Но в ту ночь… в ту последнюю ночь… зверь не повиновался и стал хозяином.
Ко мне в комнату вдруг вошла мама, держа в руке фонарь. Она выглядела напуганной, но спокойным голосом попросила меня не бояться. Сказала, что тоже слышала крик — да разве мог его хоть кто-нибудь не услышать? — и хочет подняться наверх, чтобы постучать в дверь мистера Робсона. Я должна была сидеть тихо, оставаться в своей комнате и запереть дверь, как только мама выйдет.
Мне было десять лет, Мэтью. Можешь представить себе, каково это было? Мама ушла с фонарем, а я заперла дверь и забралась в угол, где чувствовала себя хоть немного в безопасности.
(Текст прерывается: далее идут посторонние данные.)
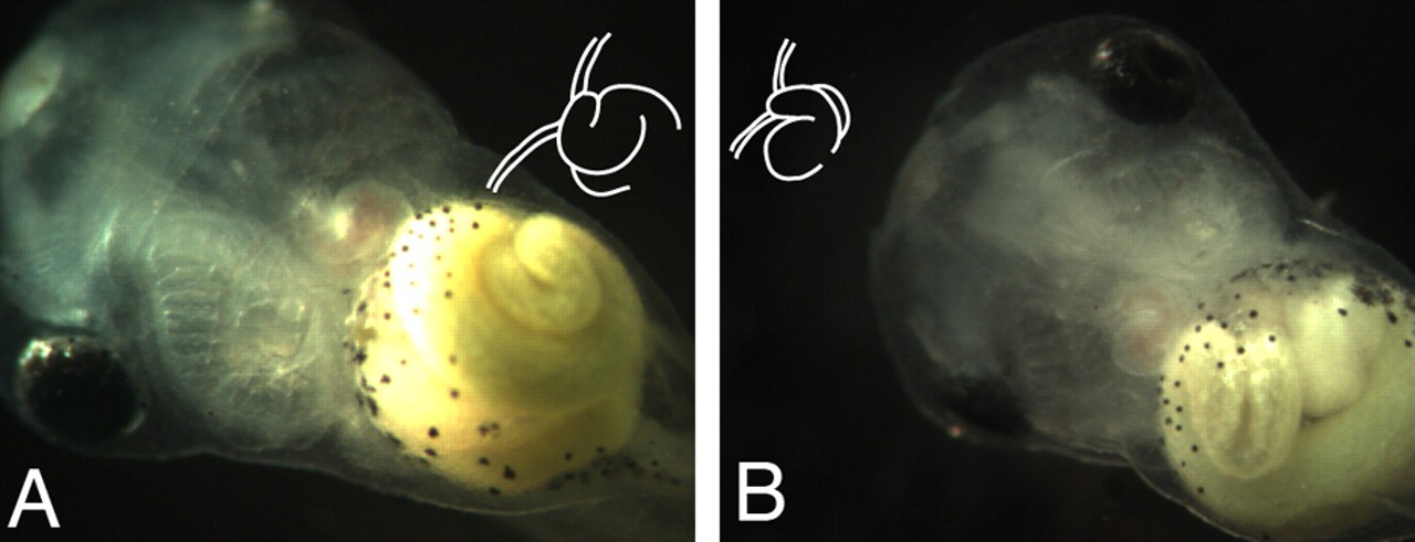 Fig. 9. BDM treatment can randomize cardiac and gutleft-right patterning. (A) An untreated stage-47 tadpole displays normal situs of heart and gut coiling. (B) A tadpole exposed to 20 mmol/l BDM for 20 minutes during the first cell cycle displays reversed cardiac and gut organizations, with otherwise normal body patterning. Insets show outlines of normal (A) and reversed (B) cardiac outflow tract and ventricle.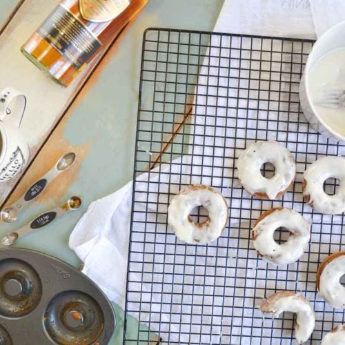 These cake donuts are the perfect way to start your Saturday morning! They whip up in under 30 minutes (INCLUDING that fabulous whiskey icing) and are terrific with coffee!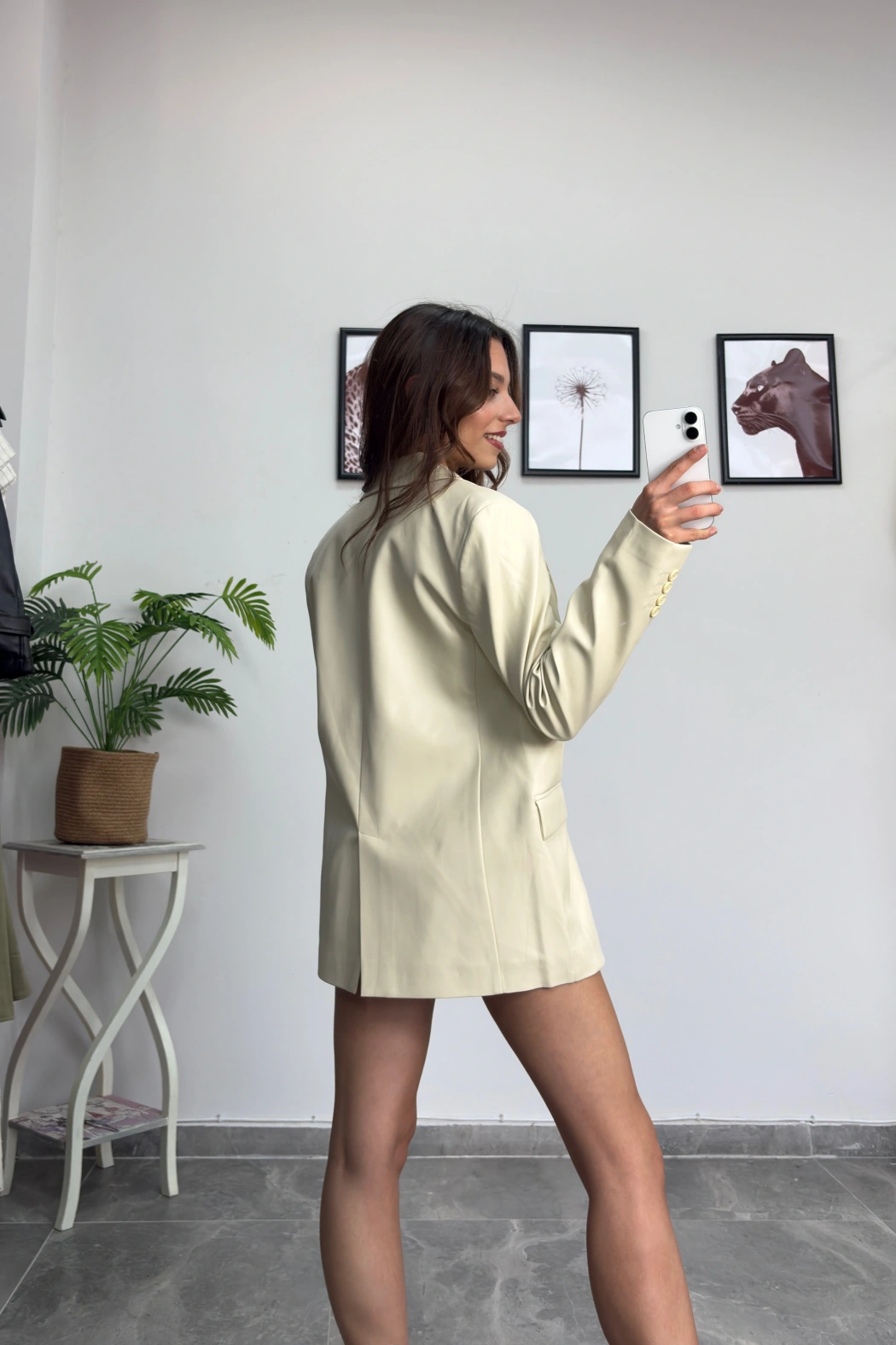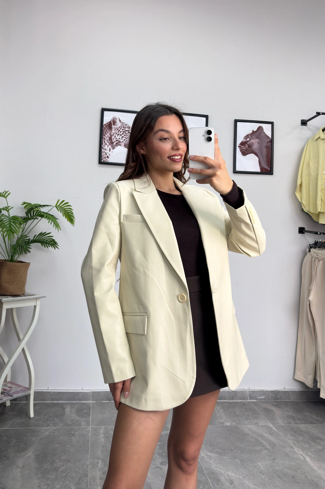 Krem Deri Blazer Ceket

Слыша скрип ступеней, когда мама поднималась по лестнице, я отчаянно молилась Богу.
Я услышала, как она стучит в его дверь.
— Мистер Робсон! — донесся до меня ее зов. — Мистер Робсон, откройте, пожалуйста.
Сквозь барабанящий по окну дождь я прислушивалась к голосам, и не узнавала один из них. Низкий, резкий… я даже не могла разобрать слова, которые он произносит, но мне казалось, что от них содрогается весь дом.
А потом… проклятье, я и не думала, что будет так тяжело об этом…
Потом я услышала звук, который безошибочно определила: такой стук раздается, когда на пол падает чье-то тело. Но не последовало ни воплей, ни крика о помощи… он просто не дал ей на это времени! Все произошло так быстро, что у мамы не было даже шанса защититься — да и кто мог бы защититься от бритвы, которая несется к тебе без предупреждения, а убийца стоит так близко, что ты чувствуешь на себе жар его дыхания?
Мама упала, и я помню, как сжалась от страха. Я очень хотела, чтобы она поднялась, чтобы Бог помог ей, но услышала только… глухие удары. Робсон избивал маму ногами, пока она лежала на полу в коридоре второго этажа. Я будто слышу эти удары прямо сейчас. Тук… тук… Снова и снова. Он все продолжал и продолжал, казалось, он никогда не остановится, но потом… почему-то прекратил.
Что с мамой? Можно ли ей помочь? — думала я. Тогда я по-настоящему испугалась и не могла больше ждать.
Я помню, как звала ее: «Мама! Мама!», пока бежала к двери и собиралась броситься на второй этаж. В тот момент я услышала, как он спускается по лестнице, и моя рука замерла на щеколде. Знаешь, есть какая-то неуловимая разница в том, как ходит хозяин дома, и как перемещаются его гости. Так вот, Мэтью, Робсон шел… как хозяин. Медленно, размеренно. Он насвистывал какую-то мелодию… совершенно жуткий мотив: дисгармоничный, нестройный, хаотичный. Такую мелодию мог сочинить лишь разум чудовища.
Наконец он взялся за ручку моей двери, повернул и повращал ее. А потом раздался стук.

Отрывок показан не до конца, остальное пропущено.